スイート×トキシック

「……すみません。そこのカメラはダミー状態なんです」

「ダミー?」

「故障中でして。1か月近く放置されてます」

 ────嘘をついてしまった。

 平静を装うが、先ほどの比じゃないくらいに心臓が早鐘(はやがね)を打っている。

 バレたらどうなるのだろう。
 犯人隠避(いんぴ)の罪になったりするのだろうか。

 隙のない刑事の眼差しにさすがに怯みそうになるも、ややあって彼は落胆気味に視線を外した。

「……そうですか。こりゃ難航するな」

 懐疑(かいぎ)を免れたようで、思わず息をつく。
 何だか酸素が薄かった。

「ちなみに、不審車両の目撃情報があることはご存知ですか?」

「……あ、はい。新聞やネット上にも記事として出てますよね」

 何とかそう返すものの、頬が強張ってしまう。

 車種が俺のものと同じということに加え、十和が動かした形跡もある以上、疑惑は確信へと変わっていた。

「ええ、先生も同じ車に乗られてるそうで」

「それは……わたしが疑われてるということでしょうか」

「いえいえ、一応参考にはしてますがそれだけで容疑者にはできませんよ。ナンバーも分からないし、よくある車種ですからね」

 その言葉が本当ならば、さほど疑われてはいないようで少しだけ力が抜けた。



 ────警察への対応と雑務を終えた頃には、すっかり夜になっていた。

 駐車場に停めた車の中で、項垂(うなだ)れるようにハンドルに突っ伏す。

(十和は、なぜ日下を……?)

 好きだったんじゃないのだろうか。
 それが高じて異常な愛情表現に走ってしまったのか?

(そうだとしたら、俺の友人たちが音信不通になった件とは、さすがに無関係だよな……?)

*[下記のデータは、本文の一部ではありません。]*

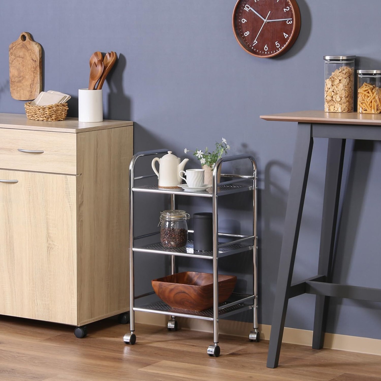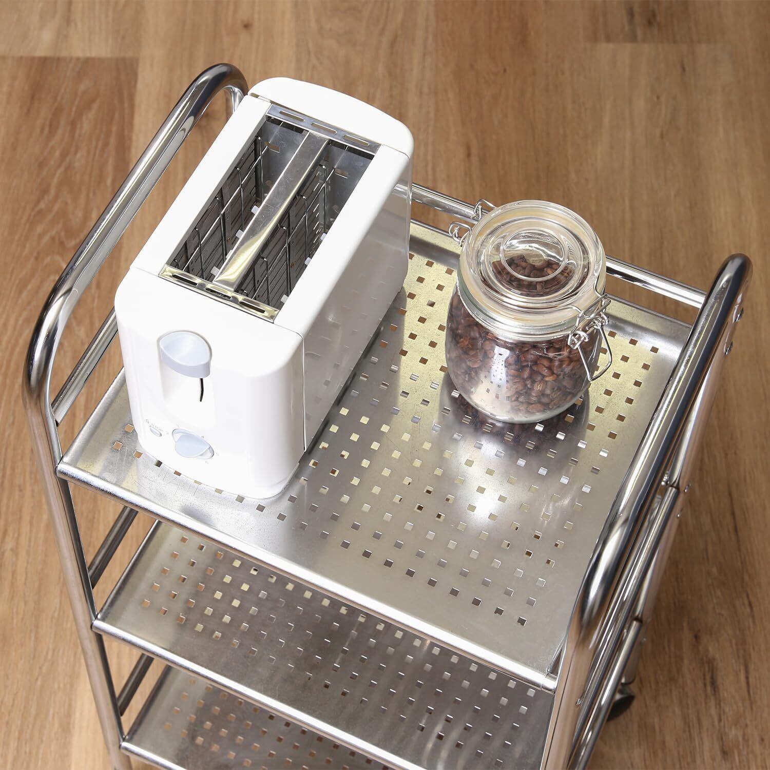 不二貿易 キッチンワゴン ラック 3段 幅40×奥行32×高さ74.5cm シルバー キッチン収納 スチール キャスター付き 組立商品 93397

 十和の荷物の中にあった錠剤のシートのことを思い出す。

 日下を(さら)うのにあの睡眠薬を使ったはずだ。
 あの苺ミルクに混ぜて飲ませ、俺の車を使ってどこかへ運んだということだろうか。

(そんなにうまくいくか?)

 いずれにしても睡眠薬を使ったのであれば、手出しするにしてもどこかへ連れ去ってから、と考えていたはずだ。

「急がないと……」

 警察より誰より早く、日下を捜し出すしかない。
 これまで以上に本腰を入れて捜索しなければ。

 十和が殺人犯になってしまう前に。
 誘拐犯として捕まってしまう前に。

 急いで車を発進させると、夜の闇を割って走る。

 焦燥感に身を削られる思いだった。
 その狭間(はざま)で切に願う。

(どうか無事でいてくれ、日下)

 十和の────俺の大事な弟のために。